Blanketback- What is "crittering"?
|01-30-2014 10:39 PM|
|Chicagocanine||I would not leave a dog loose with a correction collar, especially not dragging a leash/line. Possibly a no pull harness might work? I'd rather a dog wear a harness if they were going to be dragging a leash around personally. There are different types, the front attach ones like the Sense-action or EasyWalk, and ones that work in other ways to stop pulling like the Sporn no pull or others, or there's this one that has two attachment points: Freedom No Pull Harness|
|01-30-2014 02:13 PM|
|Blanketback||I went back to read some of OP's posts, to get a better idea of the situation. The pup is only 9 months old. The crittering seems to be self-taught, since she's gotten into a bee's hive and been hit by a porcupine already. Now that's a harsh correction! Poor girl!|
|01-30-2014 02:00 PM|
If the dog is tearing around full speed such that a well timed correction would physically harm the dog, I would say the dog is not at a point in the training where it should be allowed to be running around full speed, it has too much freedom at that point. It sounded to me like the OP has already done a good deal of recall training with her dog, but learned of one specific thing she wasn't able to call the dog off of. In this case I would say that for the safety of her, her dog, and possibly other dogs involved it might be worth using some form of correction (whether that's being checked on a collar or using an e-collar) in order to reinforce the verbal commands.

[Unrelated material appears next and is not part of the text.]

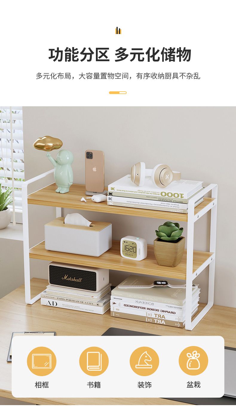 데스크탑 책장 철제 테이블 다층 스토리지 랙 작은 선반 학생 책상 정리 및 보관 계층형 더블 레이어

For the initial training of a recall, I personally use no collars or leashes at all. I start just having the dog follow me around getting treats/rewards. Then I throw a treat away from me and while the dog is distracted by it, call him back for another. Then I get people to help me with "restrained recalls". I also praise and reward and young dog any time he "checks in" with me without being asked, and then give a release word so the dog doesn't think that a recall means all the fun is over and we're going in. There are lots of things you can do before putting a collar on the dog but in reality, many dogs at some point will need the point to come home, especially a dog that has high prey drive and/or a dog that is more protective and doesn't take keenly to another dog trespassing. Sometimes a dog just needs to know what is allowed and what's not because if given the choice between chasing a cat and eating a treat, I know my dog Nikon would *always* chase the cat, lol, but he also knows that when I say "stay" that means he's not allowed to cross the street and chase a cat.
|01-30-2014 01:46 PM|
But for others reading this thread, that would respect your opinion, it's nice to have that clarified. I was thinking that OP might inadvertently do it - of course not to deliberately harm their dog, but that's a risk you do take when you're in that situation. JMO.